You are viewing a plain text version of this content. The canonical link for it is here.
Posted to dev@doris.apache.org by stalary <st...@163.com> on 2022/04/25 14:47:01 UTC
[Discuss][DSIP] Add Row Policy support
Dear All,
I’d like to add row policy support to Doris, column policy will also be supported in the future.
Sometimes we need permission control not only at the table level, but also at the row level, column level. At present, many users need to parse SQL and rewrite sql on out of doris or use thirdparty tools do it. which increases the use cost and causes performance loss.

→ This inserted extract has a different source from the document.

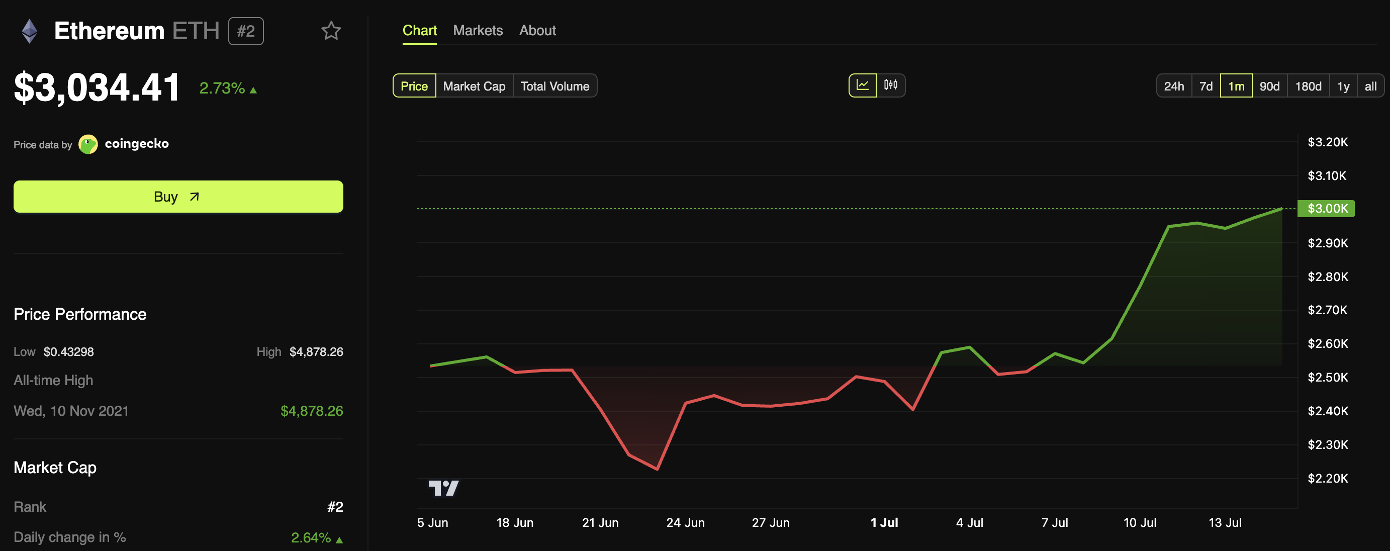 Дані BeInCrypto показали, що друга за величиною криптовалюта за останню добу зросла на 2,73 %. На момент написання, торгова ціна ETH становила 3 034 доларів.

The associated issue:https://github.com/apache/incubator-doris/issues/7540
There will be 2 stages:
1. Design a new set of Policy syntax
a) create policy
b) drop policy
c) show policy
d) parse expr
2. Match and rewrite sql
a) Matches policies through db + table + user
b) If multiple policies exist, merge the conditions based on the filter type, such as PERMISSIVE | RESTRICTIVE
c) Rewrite tableRef as InlineViewRef
And my account on wiki is: stalary, email is stalary@163.com
—
Best regards
Stalary
Re:[Discuss][DSIP] Add Row Policy support
Posted by 陈明雨 <mo...@163.com>.
Nice work!
I created DSIP-009[1] for it. You can write more details in it.
And this issue[2] is most in Chinese, I think we should translate it into English in DSIP.
Besides the user interface, I would like to know more about how to implement it.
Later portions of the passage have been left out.